**Instructions for the task:**
Find "Участок 6 сот." below and begin at its line; stop after the line with "Our designs are". Output those lines exactly, without pictures.

**Information:**
»»

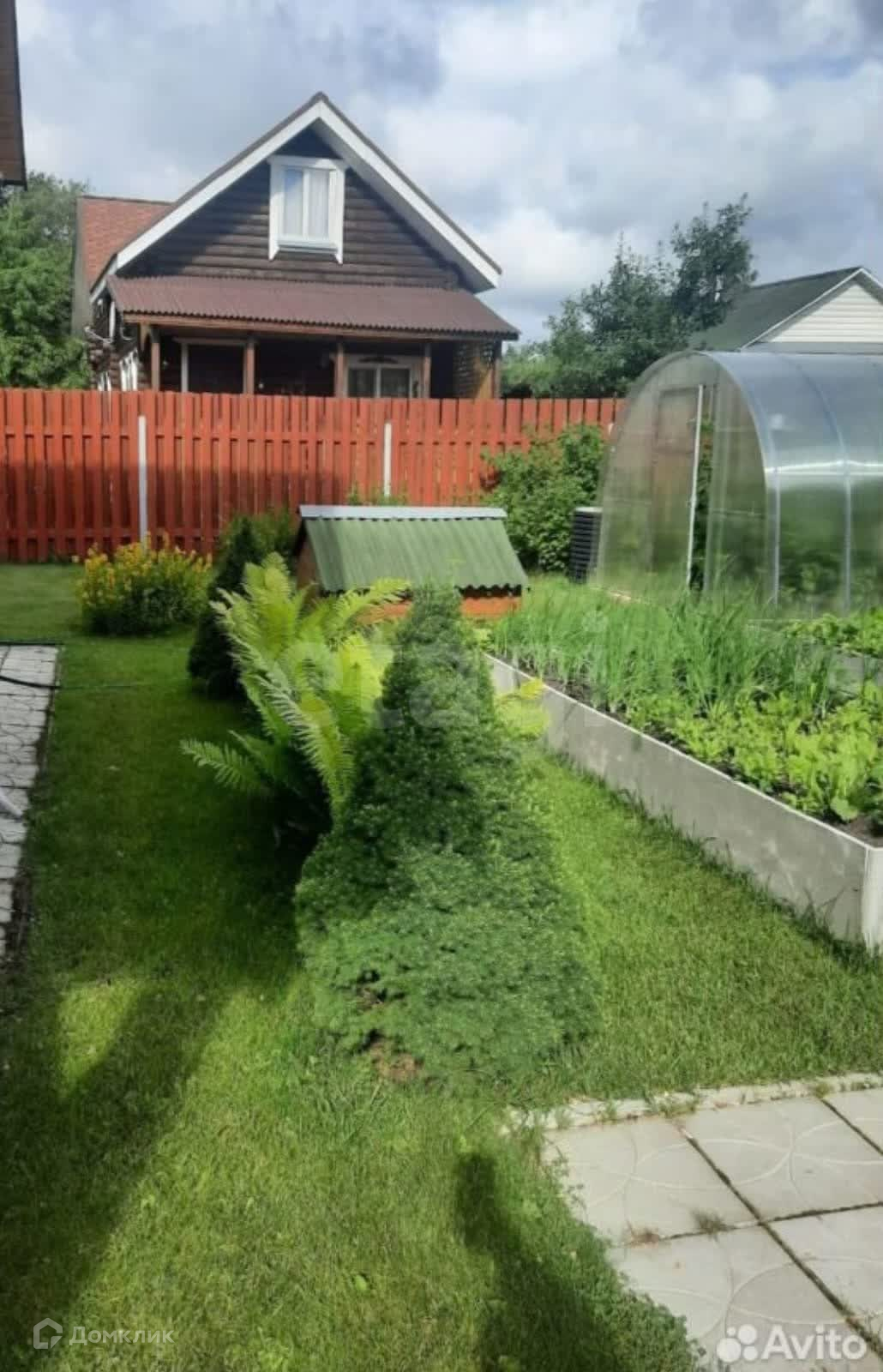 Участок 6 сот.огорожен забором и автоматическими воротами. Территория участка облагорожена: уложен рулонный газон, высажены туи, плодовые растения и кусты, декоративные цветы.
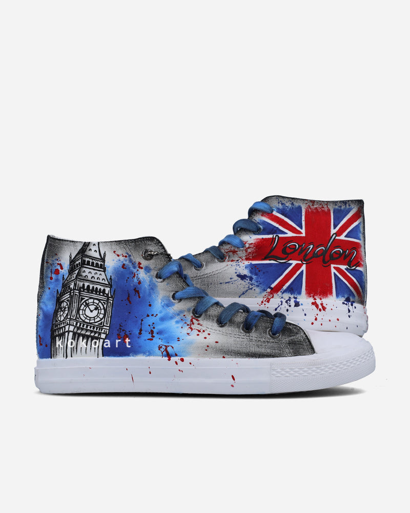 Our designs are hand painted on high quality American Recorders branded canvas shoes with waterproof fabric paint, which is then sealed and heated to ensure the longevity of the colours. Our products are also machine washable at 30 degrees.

««
»»

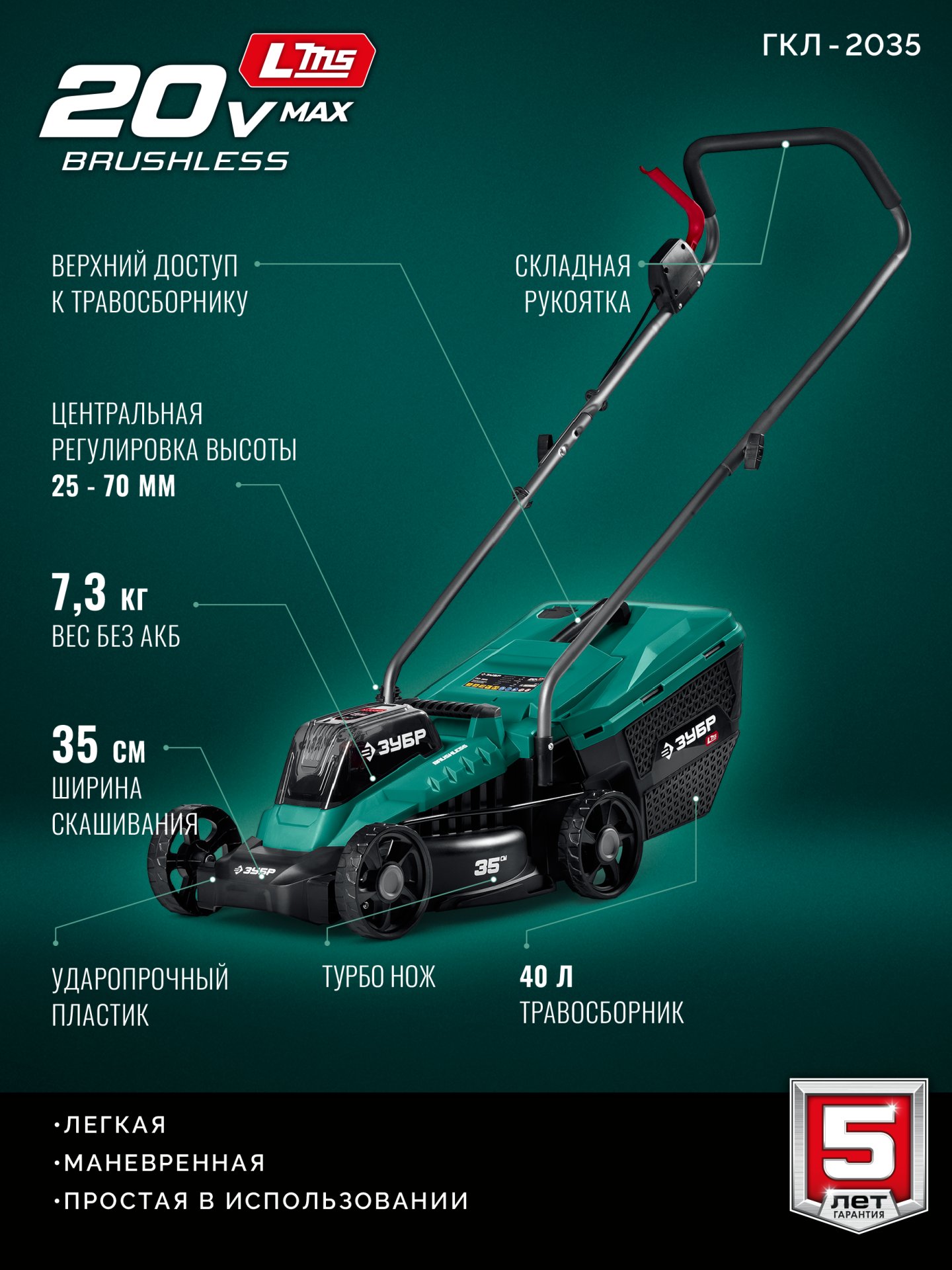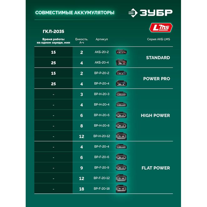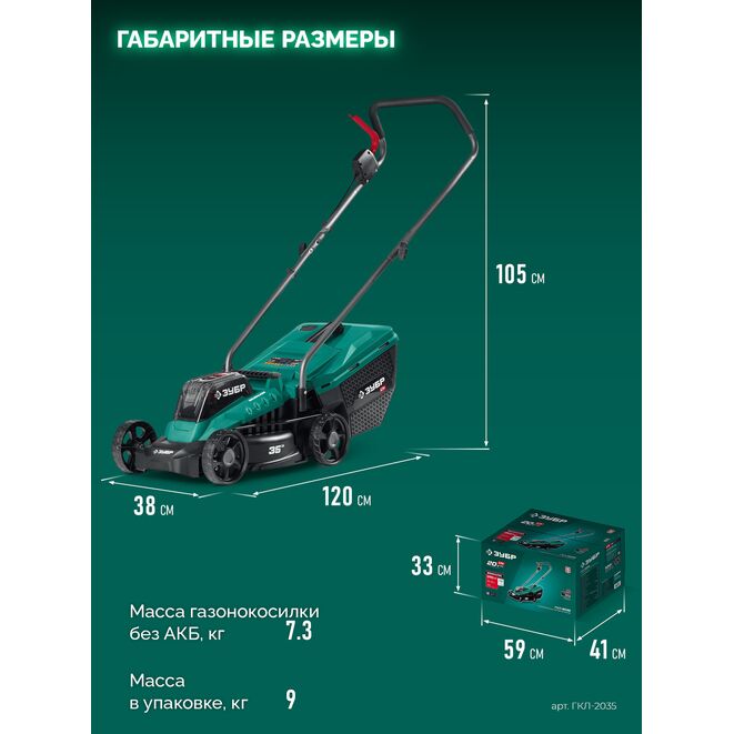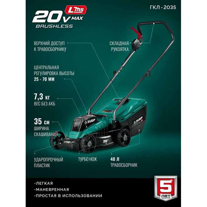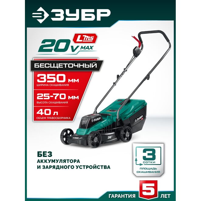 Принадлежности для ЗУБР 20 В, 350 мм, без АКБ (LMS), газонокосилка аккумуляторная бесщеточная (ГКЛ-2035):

««

**Your response:**
 Участок 6 сот.огорожен забором и автоматическими воротами. Территория участка облагорожена: уложен рулонный газон, высажены туи, плодовые растения и кусты, декоративные цветы.
 Our designs are hand painted on high quality American Recorders branded canvas shoes with waterproof fabric paint, which is then sealed and heated to ensure the longevity of the colours. Our products are also machine washable at 30 degrees.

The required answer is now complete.